OCF durante il Forum di Ascofind ha indicato delle criticità che sono emerse durante l’esame delle carte presentate dai soggetti che hanno fatto richiesta di entrare nell’albo: l’authority parla di scarsa trasparenza sul fronte del conflitto di interesse, della remunerazione e delle norme sull’antiriciclaggio. Ci spieghi un po’?
La nostra associazione ha organizzato alcune sessioni formative, proprio per aiutare le società di consulenza finanziaria nel predisporre le policy e le procedure richieste in sede di autorizzazione. Abbiamo inoltre prodotto alcuni standard di riferimento sia in tema di policy sui conflitti di interesse sia per il contrasto al riciclaggio. Abbiamo messo a disposizione questo materiale alle società di consulenza associate che hanno così ottenuto il via libera senza particolari difficoltà. Tuttavia non ci si deve sorprendere di alcune difficoltà iniziali: il passaggio da un’attività svolta in sostanziale assenza di regole ad un regime di regolamentazione piuttosto stringente rappresenta una sfida importante e necessita di una crescita di competenze e di presidi organizzativi da parte degli esponenti delle società di consulenza.

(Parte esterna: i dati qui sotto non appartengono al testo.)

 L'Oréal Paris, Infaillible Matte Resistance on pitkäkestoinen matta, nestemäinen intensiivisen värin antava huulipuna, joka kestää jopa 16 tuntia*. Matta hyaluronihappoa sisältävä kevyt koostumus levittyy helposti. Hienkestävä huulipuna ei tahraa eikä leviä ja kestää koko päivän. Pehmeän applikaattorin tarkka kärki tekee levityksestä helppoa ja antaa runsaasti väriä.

Molti consulenti autonomi, d’altra parte, non sono stati abituati ad operare sotto un Regolatore, anche perché sono stati costretti a lavorare “in proroga”, una sorta di limbo non controllato. Secondo lei è possibile, quindi, un rallentamento all’attività degli operatori tradizionali del mondo dei fee only?

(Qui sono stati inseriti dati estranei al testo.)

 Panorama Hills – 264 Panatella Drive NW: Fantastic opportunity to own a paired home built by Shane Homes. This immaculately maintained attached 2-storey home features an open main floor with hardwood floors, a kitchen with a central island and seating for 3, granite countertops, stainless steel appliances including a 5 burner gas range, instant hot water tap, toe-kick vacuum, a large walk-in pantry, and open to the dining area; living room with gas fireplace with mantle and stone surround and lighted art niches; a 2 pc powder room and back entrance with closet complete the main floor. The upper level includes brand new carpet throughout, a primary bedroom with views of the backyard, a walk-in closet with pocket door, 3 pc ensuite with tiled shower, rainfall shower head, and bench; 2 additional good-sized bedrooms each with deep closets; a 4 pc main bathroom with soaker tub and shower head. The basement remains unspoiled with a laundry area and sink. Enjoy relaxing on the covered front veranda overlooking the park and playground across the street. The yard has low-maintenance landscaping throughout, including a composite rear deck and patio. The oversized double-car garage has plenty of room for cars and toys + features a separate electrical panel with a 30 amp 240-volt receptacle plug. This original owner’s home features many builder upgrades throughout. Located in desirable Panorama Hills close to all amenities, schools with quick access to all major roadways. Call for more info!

Le norme sono quelle della direttiva MiFID che si applicano in tutta Europa ai soggetti che offrono servizi di investimento. Siamo favorevoli al livellamento del campo di gioco tra i diversi operatori in concorrenza. Piuttosto, il rallentamento, soprattutto nel fornire la trasparenza dei costi ed oneri, la vediamo da parte di altri. Non abbiamo invece evidenze di un rallentamento delle attività delle nostre associate. Anzi, notiamo uno sviluppo positivo, testimoniato da un crescente interesse da parte dei clienti verso la consulenza indipendente. L’impatto maggiore invece è costituito dai maggiori costi che le società devono affrontare per l’iscrizione all’albo, il contributo di vigilanza all’OCF e gli investimenti in software per far fronte agli obblighi normativi e regolamentari. Si tratta in parte di un aumento di costi ricorrenti, in parte di spese di carattere temporaneo o una tantum. Dopo una prima fase di assestamento, crediamo che la situazione si stabilizzerà e gli adempimenti normativi verranno gestiti senza particolari difficoltà.

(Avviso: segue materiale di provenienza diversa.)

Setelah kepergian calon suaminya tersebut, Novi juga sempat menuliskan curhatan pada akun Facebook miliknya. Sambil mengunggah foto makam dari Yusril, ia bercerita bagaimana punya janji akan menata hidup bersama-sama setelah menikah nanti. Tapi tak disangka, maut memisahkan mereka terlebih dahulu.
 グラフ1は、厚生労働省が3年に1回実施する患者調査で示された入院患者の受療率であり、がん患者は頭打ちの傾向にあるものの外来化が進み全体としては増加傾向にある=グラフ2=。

Un problema emerso è quello della consulenza finanziaria generica, i cui confini non sono ancora chiari: è necessario, forse, una nuova azione legislativa in merito per fare ulteriore chiarezza?
Le norme che definiscono la consulenza in materia di investimento, ossia l’attività sottoposta ad autorizzazione e a specifiche regole di condotta, sono piuttosto chiare. È peraltro evidente che vi sono sul mercato numerosi operatori che, senza alcuna autorizzazione, svolgono a favore dei propri clienti un’attività di consulenza che, pur mascherata da consulenza “generica”, invade sostanzialmente il perimetro dell’attività riservata. Tali servizi vengono pubblicizzati anche in rete e a volte rappresentano un serio pericolo per i risparmiatori che vi si affidano. Di altra natura invece sono i servizi offerti da professionisti, come commercialisti, avvocati oppure family office, che svolgono un’attività di monitoraggio degli investimenti e dei conti della propria clientela. Tali soggetti, nella misura in cui si limitano rigorosamente a tale attività e che si astengono da ogni tipo di raccomandazione di investimento, svolgono effettivamente una consulenza di tipo generico. Tuttavia il confine è molto labile. Anche dare un consiglio di investimento su richiesta del proprio cliente significa entrare nel perimetro della consulenza finanziaria riservata. E ciò rappresenta per il professionista un notevole rischio legale. Credo che si debba valutare caso per caso, stando molto attenti alle circostanze concrete nelle quali si esplica il servizio di consulenza finanziaria.